Poch s’arrêta en jetant un regard méfiant sur son compagnon de route, toujours immobile et qui semblait dormir. Peut-être en avait-il trop dit là-dessus… Et, reprenant :

« Oui, Broks, riches à notre façon ! Aussi, avec nos économies, je pense que Zénaïde fera bien d’acheter un petit fonds d’épicerie !… Il y en a un à vendre près du port…

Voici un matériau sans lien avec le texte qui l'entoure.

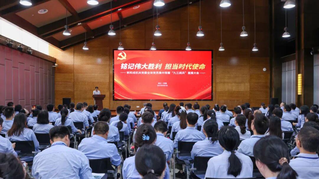 9月3日上午9時,新和成機關黨委及各基地黨委組織黨員,集體觀看紀念中國人民抗日戰爭暨世界反法西斯戰爭勝利80周年大會直播,共同汲取精神力量。
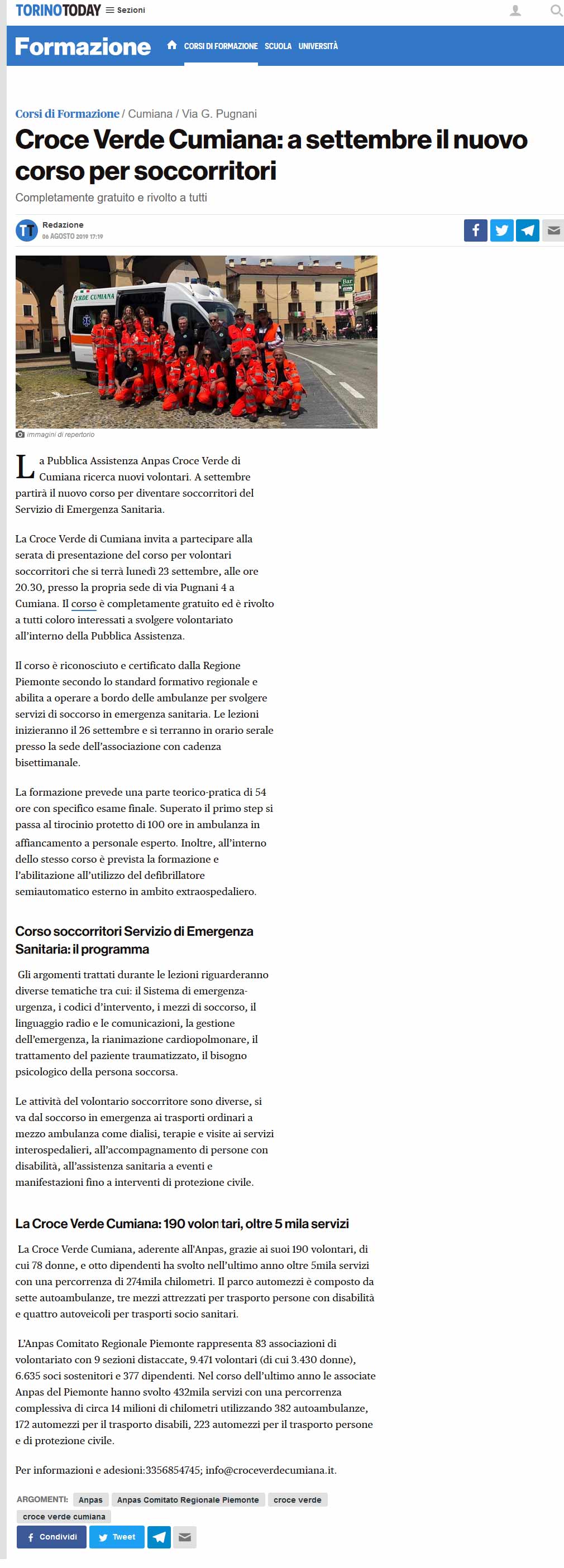 Area StampaRassegna 2019Web TorinoToday.it – Croce Verde Cumiana – A settembre il nuovo corso per soccorritori 6 Agosto 2019 06/08/2019 – TorinoToday.it – Croce Verde Cumiana – A settembre il nuovo corso per soccorritori Tweet

— Et je te promets une belle clientèle, ami Poch ! s’écria le conducteur.

— Merci, Broks, merci d’avance ! Tu me devras bien cela pour le festin où je te garde une place.

— Laquelle ?…

— Pas loin de la mariée ! Et tu verras comme Zénaïde sera encore belle dans sa robe de noce, la couronne de myrte sur la tête et avec le collier que lui donne Mme Johausen.

— Je te crois, Poch, je te crois !… Une si bonne femme ne peut être qu’une belle femme… À quand la cérémonie ?…

— Dans quatre jours, Broks, le 16 du courant… Et voilà pourquoi je te dis : Presse les iemschicks !… Je ne leur marchanderai pas les petits verres !… Mais qu’ils ne laissent point les chevaux s’endormir entre les brancards !… C’est un fiancé que ta malle emporte, et il ne faut pas qu’il vieillisse trop pendant le voyage !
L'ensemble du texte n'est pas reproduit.